South Korean President Moon Jae-in and his U.S. counterpart Donald Trump have agreed in a telephone call to remove the limit on the payload of South Korean missiles under the Korea-U.S. missile guideline as a way of increasing deterrence against North Korean provocations, South Korea`s presidential office said on Monday.
The missile guidelines binding from 1979 and revised in 2012 caps South Korean missile warheads at 500 kilograms (0.5 metric tons) and disallows missile to fly beyond 800 kilometers (497 miles). The distance limit won’t be scrapped, said the presidential office.
Moon also decided to complete a temporary full deployment of the U.S. Terminal High Altitude Area Defense system (THAAD) to the Korean peninsula. The flurry of aggressive military move including discussions of deploying U.S. strategic bombers and warships around the peninsula and bringing back tactical nuclear weapons to the South follows North Korea’s most powerful-yet nuclear test on Sunday. Seoul military officials also have detected movement from North Korea preparing a launch of intercontinental ballistic missile.
President Moon held a telephone conversation with U.S. President Donald Trump between 10:45 p.m. and 11:25 p.m. (local time) and discussed countermeasures against North Korea`s sixth nuclear test. In their talks, Moon denounced the North`s latest nuclear test, calling it a serious provocation that violated U.N. Security Council resolutions and challenged the peace and stability of the region, while stressing the importance of sending a strong and clear message to the North. The two leaders agreed to strengthen the alliance through close defense cooperation and to shore up South Korea`s defense capabilities, the presidential office said.

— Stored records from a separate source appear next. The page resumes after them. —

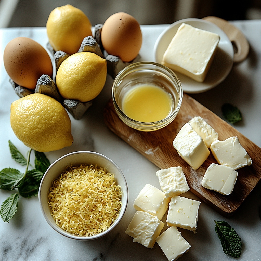 Preparing this Lemon Curd Recipe is all about fresh, wholesome ingredients that pack vibrant flavor and indulgent creaminess. Each item on the list plays a crucial role: lemons for that zingy tartness, sugar to balance it perfectly, eggs for that silky custard body, and butter to round it out with richness and smooth texture.
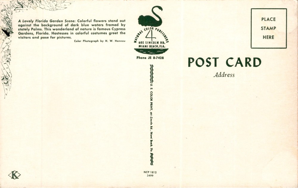 The postcard depicts a beautiful garden scene in Florida, specifically Cypress Gardens. The image shows colorful flowers contrasting against dark blue waters, with stately palms framing the view. Hostesses in vibrant costumes welcome visitors and are available for photographs.Cypress Gardens was a famous botanical garden and theme park located in Winter Haven, Florida.
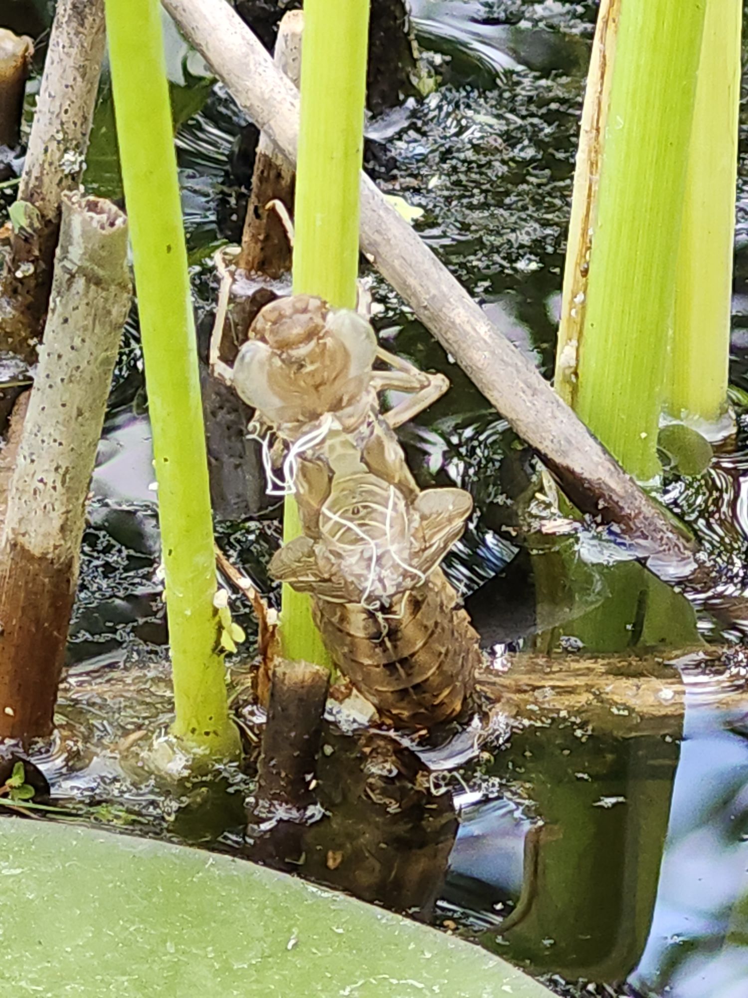 I continue to find new species of dragon- and damselflies in the garden, and found three or four new species in one week in late May. So far I’ve documented 16 species here, and definitely more activity since I built the pond. I found this evidence of a green darner emergence in the pond a few days ago, but sadly didn’t get to see the adult before it flew away.
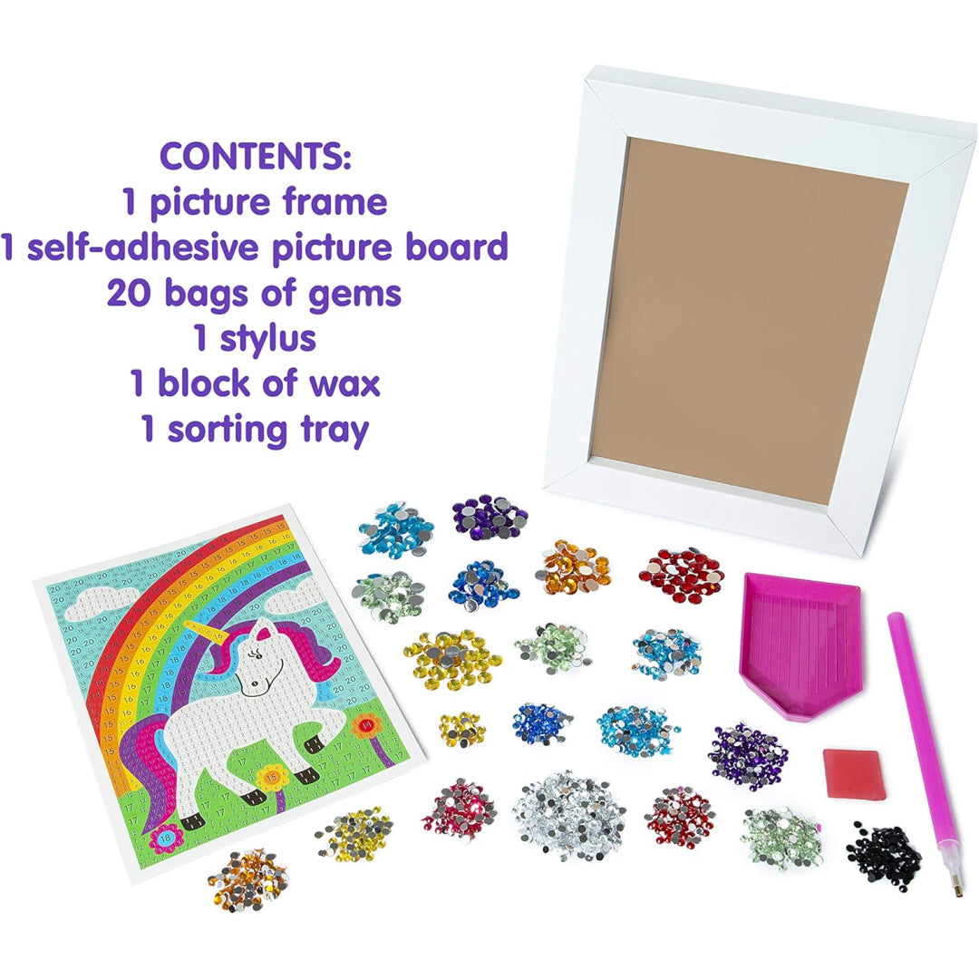 Everything needed comes in one box, which means no last-minute dashes to the shops for extras. You get a picture frame, self-adhesive picture board, 20 bags of colourful gems in assorted sizes, a wax-tipped stylus, and a sorting tray. The process is wonderfully simple: peel away the protective sheet to reveal the sticky surface, pour the gems into the tray, dip the stylus in wax, and press each sparkling gem into place to build up a gorgeous unicorn scene. Easy-to-follow instructions guide young crafters through each step, making it suitable for beginners and experienced little makers alike.
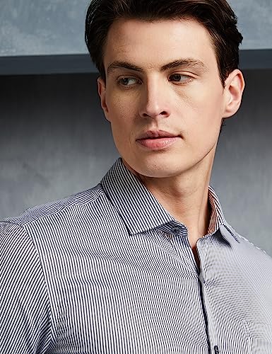 These formal shirts are made out of 100% double ply premium cotton fabric with liquid ammonia and moisture cure treatment that will resist wrinkles, add lustre and make the fabric breathable. The superlative craftsmanship with semi-cutaway collar, French placket, shanked and wrapped buttons, removable collar bones, and high quality interlinings would add on to the finesse of the garment. You may pair it up with a formal trouser and a blazer for a sharp formal look….. or roll up the sleeves and wear it with a chino or a clean Jeans for that smart casual occasion.
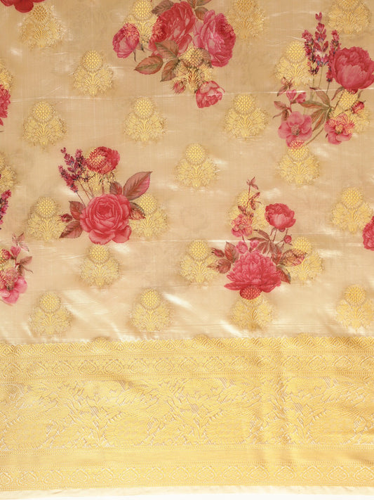 Dhiyona RV Women's Luxurious Banarasi Silk Digital Print Saree with Zari Woven Rich Pallu With Blouse ( KVD1904 )

In separate and successive phone calls with Japanese Prime Minister Shinzo Abe, Russian President Vladimir Putin and German Chancellor Angela Merkel also on Monday, Moon asked for their cooperation in the adoption of stronger sanctions against North Korea by the U.N. Security Council.
Moon and his Japanese counterpart reaffirmed their view that South Korea, the U.S., and Japan need to further expand their three-way cooperation to apply the highest-level of pressure and sanctions on North Korea.